I was talking about protestors being arrested for holding up signs, he said the same thing happened in the US but his evidence was the disproportionate shooting of black people by police in the US, which while very bad is an entirely different issue.


Because it is massively exaggerated by those with an agenda to distract from the US.

But go on, tell me about how “free speech zones” are meaningfully different to this. You won’t be arrested so long as you stay in your zone down the street and round the corner and out of sight.

The UK has serious problems, but reading Americans catastrophising over this stuff as I have been for a couple of decades now is always incredible. Take the beam from your own eyes. And stop believing lies about the streets of London being a war zone.


> Because it is massively exaggerated by those with an agenda to distract from the US.

I don't think there has to be any negative motive. I'm not from the US or the UK but have lived in both countries, so feel I can be somewhat objective. What's going on in both countries is disturbing to me, but they have differences with what they are doing.

> But go on, tell me about how “free speech zones” are meaningfully different to this. You won’t be arrested so long as you stay in your zone down the street and round the corner and out of sight.

That hasn't been a thing for a long time. There have been nationwide protests the last few days not restricted to any kind of 'free speech zone'.

Consider what you are trying to defend: holding up a blank sign. Are you really OK with that? You really think that is reasonable?

> The UK has serious problems, but reading Americans catastrophising over this stuff

Pointing out a legitimate concern is not catastrophising anything.

> And stop believing lies about the streets of London being a war zone.

I never mentioned anything like that.


> That hasn't been a thing for a long time

It’s still the law, was expanded under Obama and is used widely. It is used to control dissent at events where protest would be unsightly, much as the UK incident you brought up.
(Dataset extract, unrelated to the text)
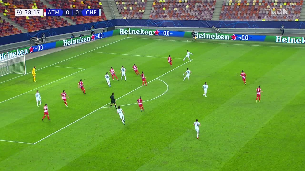 Tiro atajado al ángulo superior derecho. Timo Werner (Chelsea) zurdazo sin ángulo desde la izquierda. Asistencia de Mason Mount.
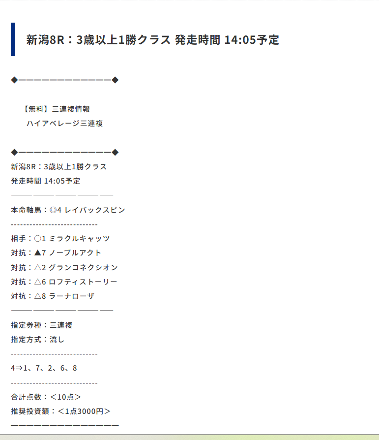 こちらはありがたいけど有料情報もっと回収率いいんだろうな

> Consider what you are trying to defend:

Consider that I didn’t defend it.


> It is used to control dissent at events where protest would be unsightly, much as the UK incident you brought up.

Arresting people for holding up a blank sign is very different and much worse.

> Consider that I didn’t defend it.

Do you agree it was a problem?


> Arresting people for holding up a blank sign is very different and much worse.

On the contrary, it’s no different whatsoever from corralling away protest until it’s out of sight in an approved zone, and arresting anyone who expresses dissent in sight.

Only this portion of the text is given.